Looyenga recently received a $295,939 grant from the at the National Institutes of Health (NIH-NCI) for the project “Cooperative Cellular Transformation by LRRK2 and MET in Renal Neoplasms.” The three-year project involves a host of students conducting research that could provide useful insights into both neurology and oncology.

His research team is digging deeper into the interaction between two proteins—LRRK2 and MET (a growth factor receptor)—that were often overexpressed in some forms of cancer, including that of the kidney. Interestingly, both of them are also clearly implicated in neurological diseases including Parkinson’s Disease and autism. This new study will seek to understand how these two enzymes cooperate to turn a normal kidney cell into one that grows out of control to form tumors, but may also yield insights into how they malfunction in neurological disease.

Identifying the suspects

Looyenga hypothesizes that increased LRRK2 activity—due to its genomic amplification or mutation—modifies how MET growth factor receptors get moved around inside the cell.  When MET normally binds to growth factors on the cell surface, it rapidly gets internalized and inactivated to avoid overstimulating cells.  In this case, the research team will track what happens to MET when LRRK2 is hyperactive.  They expect to see changes in where it goes or how long it remains in the cellular “sorting system” before being inactivated.

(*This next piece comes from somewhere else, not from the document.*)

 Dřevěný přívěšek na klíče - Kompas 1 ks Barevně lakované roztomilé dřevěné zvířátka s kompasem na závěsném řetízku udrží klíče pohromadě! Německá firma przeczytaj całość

“A cell in some ways is like the U.S. Postal Service,” said Looyenga. “You need to sort what’s junk mail, what to keep and what needs to be sent back out. When that sorting system gets messed up, there are problems.”

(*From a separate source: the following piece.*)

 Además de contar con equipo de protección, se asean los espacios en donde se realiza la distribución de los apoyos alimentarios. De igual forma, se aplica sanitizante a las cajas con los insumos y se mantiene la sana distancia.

And with research like this, he and his co-investigators are able to hone in on a specific gene for a specific cancer and better understand its molecular underpinning and the role it plays within the cell.

Digging in deeper

“It’s difficult to cure diseases if you don’t know how the disease works,” said Looyenga.  According to him, 20-25 years ago chemotherapy treatments would just kill off any fast growing cells—both good and bad—with the hopes of killing the cancer before the person. He said basic research—like he and his students are doing now—hopefully will provide insights into why these cells are growing fast, which will allow researchers at the next level (translational research) to develop targeted treatments for pre-clinical trials.  These more focused approaches to therapy often have far fewer side effects, and directly attack the actual cause of cancer at the molecular level.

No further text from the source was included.